ELECTRICAL CONNECTOR WITH CROSSTALK COMPENSATION
[0001] The invention relates generally to electrical connectors, and more particularly, to a modular connector with compensation for crosstalk among multiple signal paths through the connector.
[0002] In electrical systems, there is increasing concern for preserving signal integrity as signal speed and bandwidth increase. One source of signal degradation is crosstalk between multiple signal paths. In the case of an electrical connector carrying multiple signals, crosstalk occurs when signals conducted over a first signal path are partly transferred by inductive or capacitive coupling into a second signal path. The transferred signals produce crosstalk in the second path that degrades the signal routed over the second path.

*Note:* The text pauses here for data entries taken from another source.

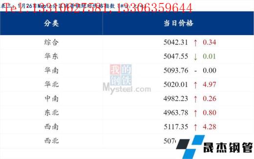 1月26日Myspic普鋼絕對價格指數變化:綜合指數5042.31,上漲0.34;螺紋鋼指數4821.4,上漲0.53;線材指數5153.66,上漲1.46;熱軋板卷指數4901.08,上漲1.51;冷軋板卷指數5401.75,上漲1.84;中厚板指數5041.64,上漲1.35。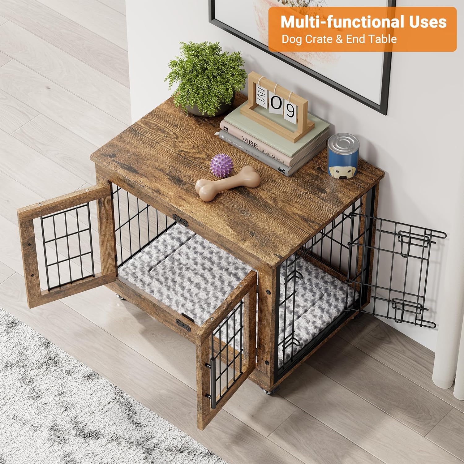 Lulive Small Dog Crate Furniture Set of 2, Dog Kennel Indoor Double Doors Wooden Dog Cage, 27' Heavy Duty Dog Crate with Cushion & Wheels, End Table Pet House Chew-Resistant Up to 30 lb, Rustic Brown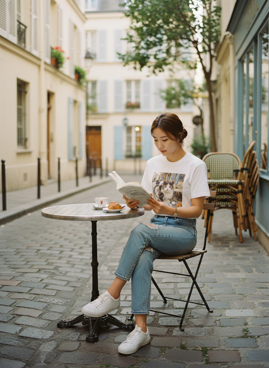 薄めの生地で着やすいアイテム。7サイズ展開なのでサイズ選びに困りません。細身シルエットで日本人に合ったTシャツです。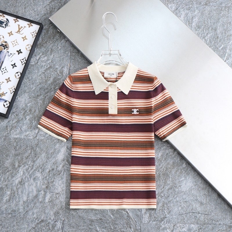 셀린느 신상 여성 스트라이프 쿨니트 배색 카라티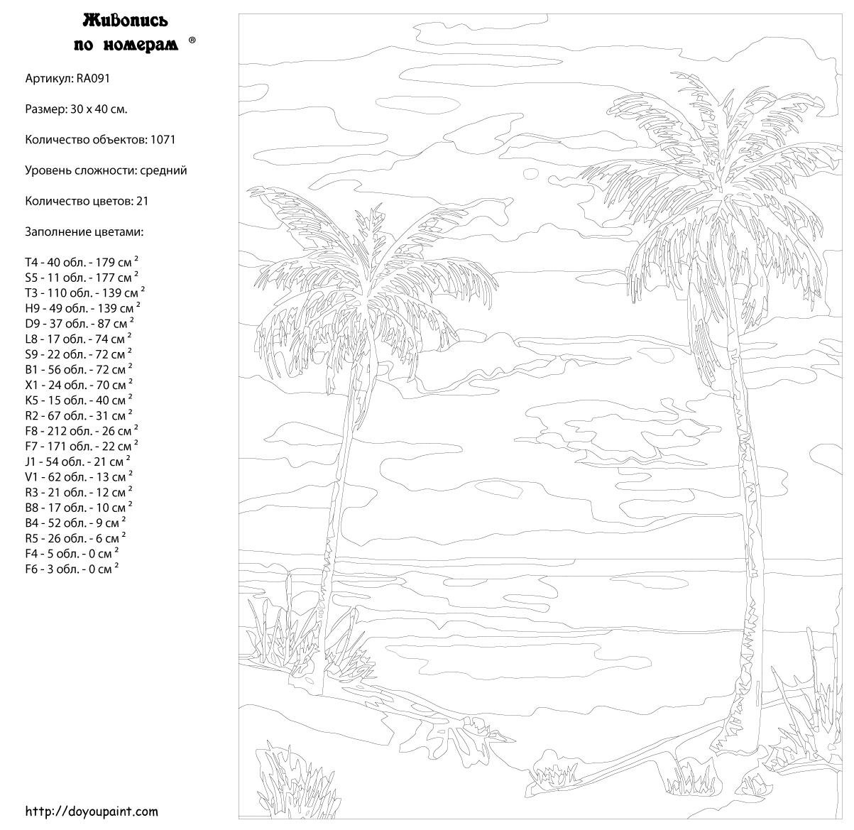 Количество красок от 18 до 24. Картина раскрашивается без смешивания красок. Высококачественные акриловые краски собственного производства сделают вашу картину яркой и уникальной. Все необходимые материалы есть в комплекте: натуральный хлопковый холст, натянутый на деревянный подрамник, баночки с акриловыми красками на водной основе, 2 кисти из качественного нейлона, схема раскрашивания, инструкция. Просто закрашивайте участки красками с соответствующим номером.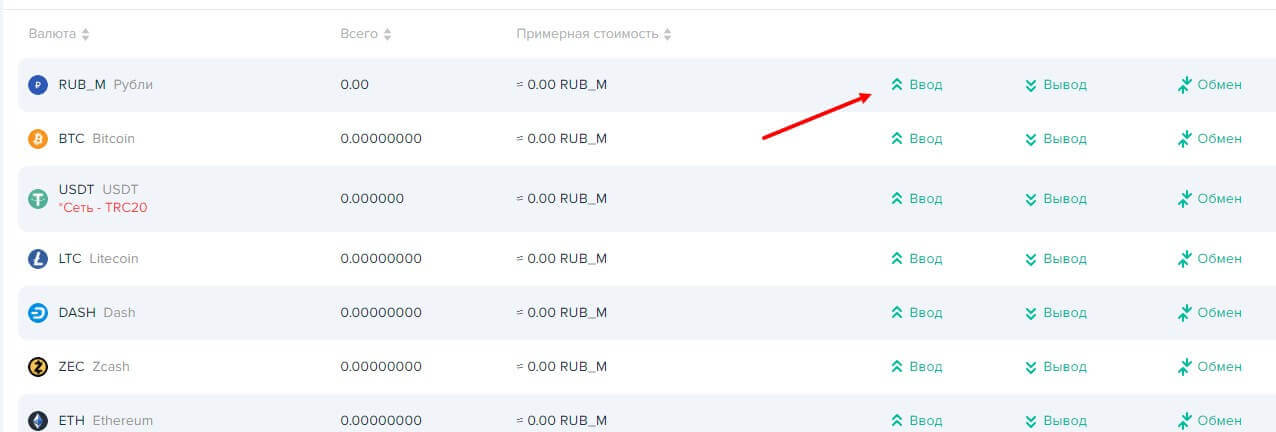 Чтобы произвести пополнение кошелька, нужно перейти в раздел “кошелек” и нажать на кнопку “Ввод”, рядом с необходимой криптовалютой. После этого выполните инструкцию – находится в нашем обзоре: выберите способ или продавца (мерчанта) и оплатите заявку.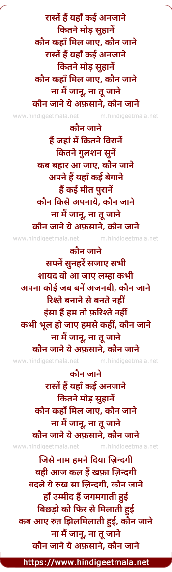 Lyrics of Kaun Jaane - रास्तें हैं यहाँ कई अनजाने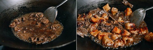 Thêm một chút nước, nước tương, giấm gạo vào đảo đều rồi đun sôi. Tiếp theo đổ thịt bò vào.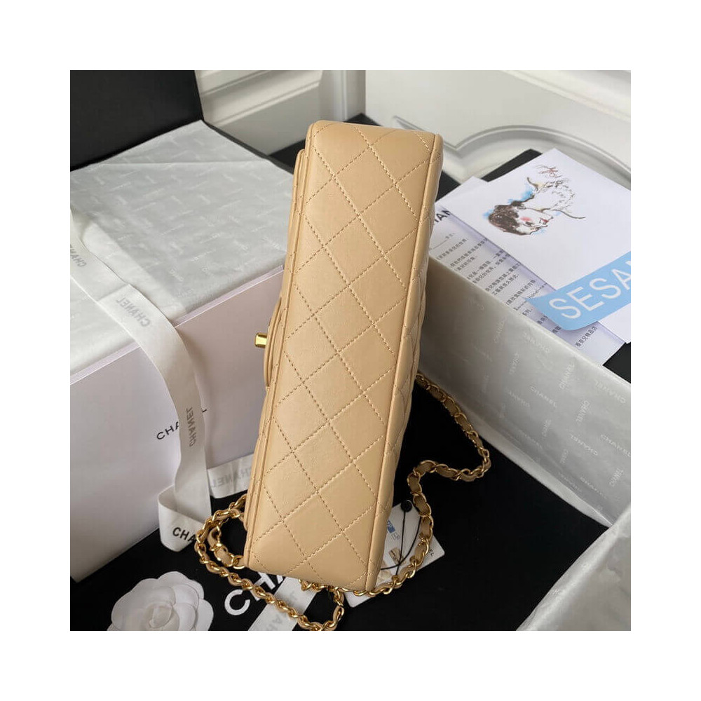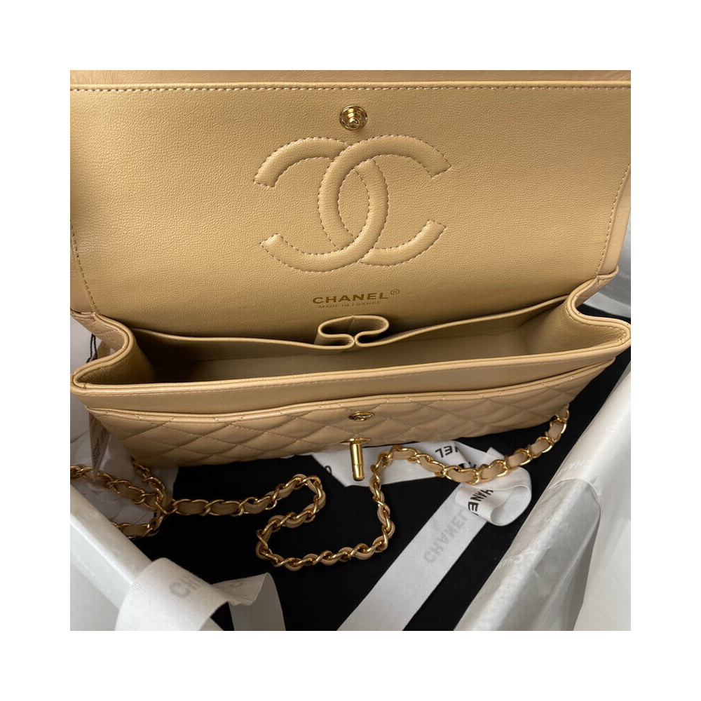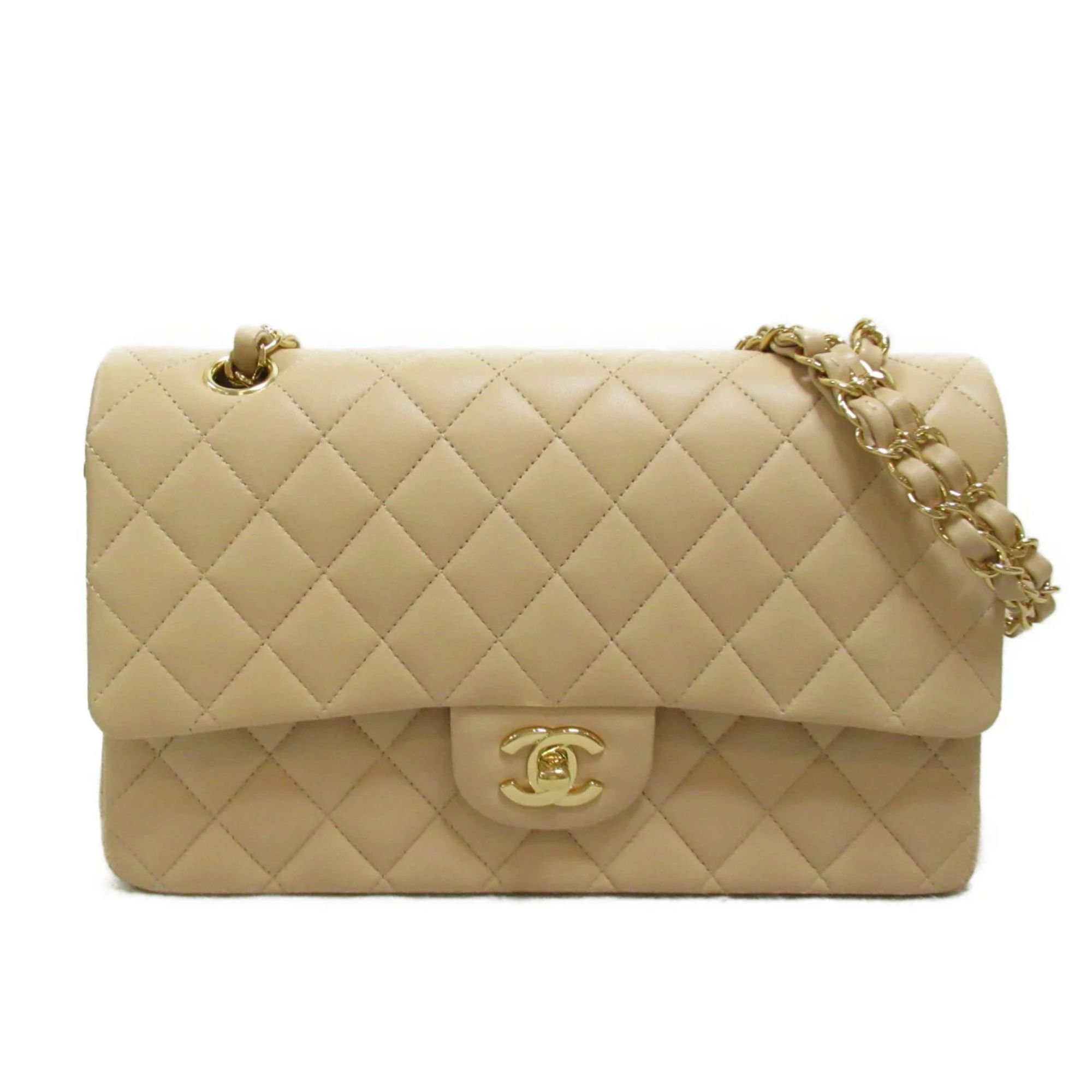 The Medium Classic has a double flap like all Chanel Flap bag sizes (excluding the minis). You will recognize the Medium Chanel Classic bag by the diamond-pattern stitching with eight whole diamonds to a row across the flap. It holds everything from the Small, as well as sunglasses and small toiletries bag.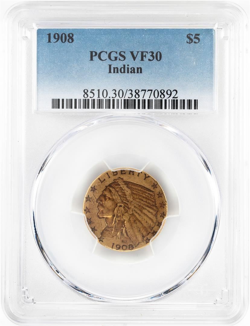One 1908 $5 Indian Head Half Eagle Gold Coin PCGS VF30. PCGS Graded.

[0003] For example, a typical industry standard type RJ-45 communication connector includes four pairs of conductors defining four different signal paths. In conventional RJ-45 plug and jack connectors, all four pairs of conductors extend closely parallel to one another over a length of the connector body. Thus, the problem is that signal crosstalk may be induced between and among different pairs of connector conductors. The amplitude of the crosstalk, or the degree of signal degradation, generally increases as the frequency increases.
[0004] In the case of RJ-45 connectors, the plug design is controlled by industry standards which require it to contain a substantial amount of crosstalk. Therefore, efforts to counteract crosstalk are typically applied to the mating jack. In one approach, terminal contacts in the jack are formed with free ends that are deflected to contact a compensation coupling contact when a plug is mated with the jack. See, for example, U.S. Patent No. 6,350,158. In general, the effectiveness of these measures is influenced by the proximity of the corrective measure to the main source of the crosstalk, e.g., the mating plug.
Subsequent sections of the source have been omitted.